Paris a livré l’année dernière de nombreuses armes au Tchad. Pour 13 millions d’euros. Plusieurs organisations non gouvernementales accusent la France de ne pas avoir respecté l’engagement qu’elle avait pris, de ne plus armer les pays qui violent les droits de l’Homme. Elles demandent une enquête parlementaire.
Le Tchad figure en bonne place des clients de la France, en matière d’armements. Rendu public lundi, le rapport du ministère français de la Défense sur les exportations d’armement en 2008 indique que les ventes d’armes de la France au Tchad ont progressé de 50% l’année dernière, pour atteindre près de 13 millions d’euros. Un pactole qui dépasse l’aide apportée par la France à Ndjamena la même année pour renforcer le système éducatif, lutter contre la mortalité infantile et le Sida.

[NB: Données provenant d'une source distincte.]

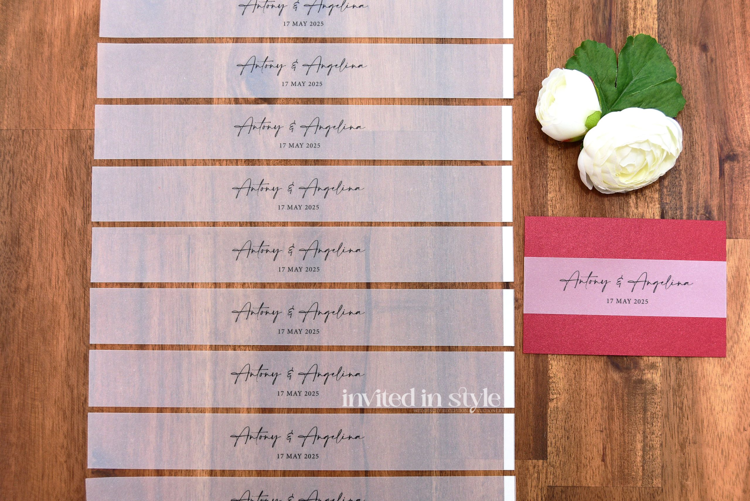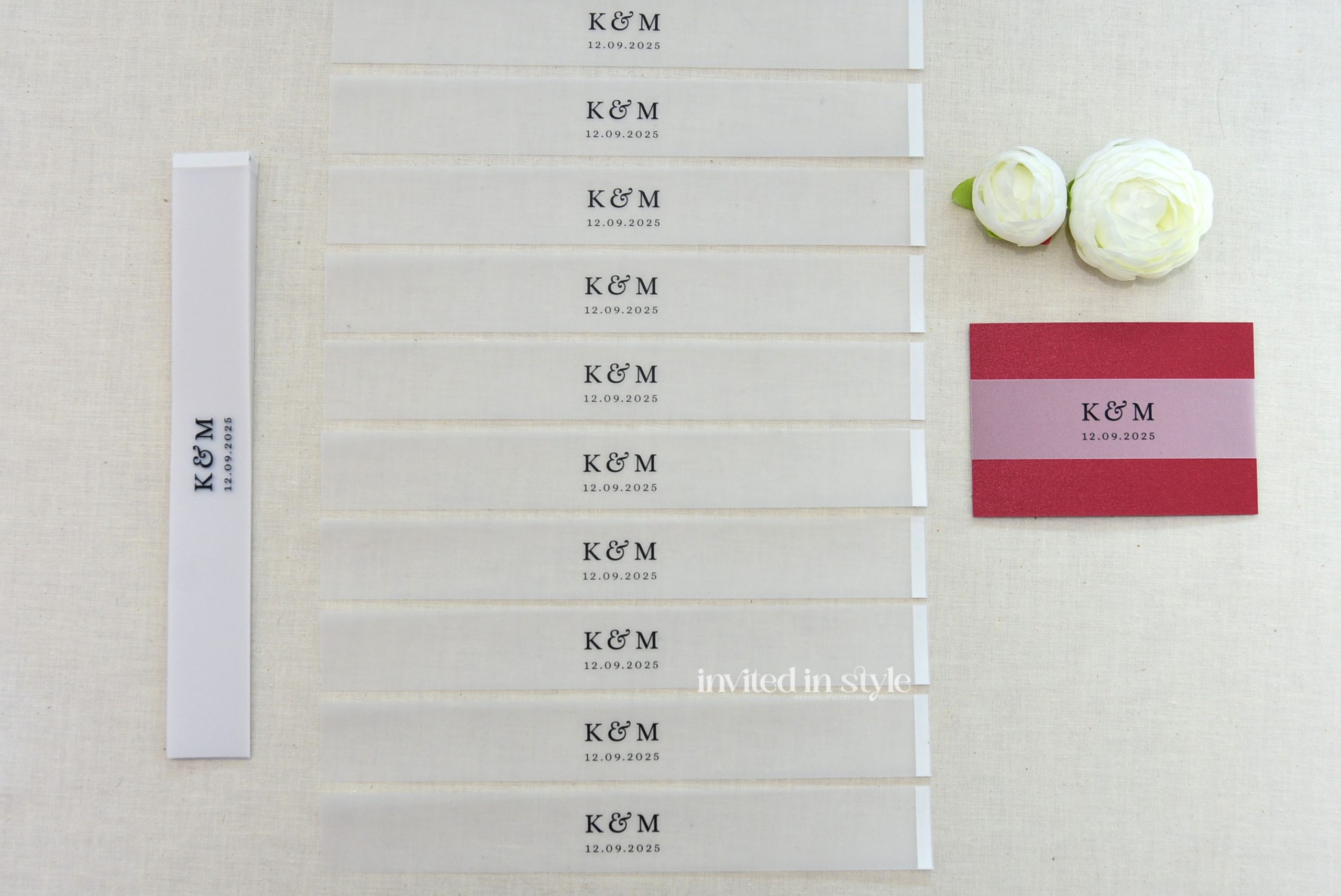 • The height of the belly bands is 3.5cm (approx 1 3/8 inches) and the length will vary depending on the size of your invitations.

Mais la France avait-elle le droit de livrer des armes au gouvernement tchadien ? Non, estime une coalition d’Ong dont Amnesty International France, Oxfam France – Agir ici, le Secours catholique, Caritas France et le Comité catholique contre la faim et pour le développement (CCFD). Selon ces organisations regroupées dans une plate-forme baptisée « Contrôlez les armes », les 27 pays membres de l’Union européenne ont adopté en décembre dernier un « Code de conduite de l’Union européenne en matière d’exportation d’armements « , à travers lequel ils se sont engagés à ne plus vendre d’armes dont l’usage pourrait participer à de graves violations des droits humains et du droit international humanitaire, ou porter atteinte au développement économique.
« Organiser un grand débat parlementaire »
Or constatent les Ong, « une commission d’enquête internationale, soutenue par la France, a conclu aux responsabilités principales et directes des autorités tchadiennes dans de graves violations des droits de l’Homme et du droit international humanitaire qui ont eu lieu au cours de la bataille de Ndjamena, en février 2008 ». L’appui militaire de Paris avait permis au président Idriss Deby Itno de sauver son pouvoir menacé par une rébellion armée venue du Soudan voisin.
Par conséquent, « les députés doivent se réveiller et interroger le gouvernement sur la légalité des exportations de la France vers des pays comme la Chine, la Colombie, Israël ou le Tchad », exhorte Nicolas Eucken, d’Oxfam France. Selon ce responsable, les élus français doivent aussi organiser un grand débat parlementaire, « pour demander au gouvernement ce qu’il compte faire pour mettre la législation française en conformité avec ses engagements européens ».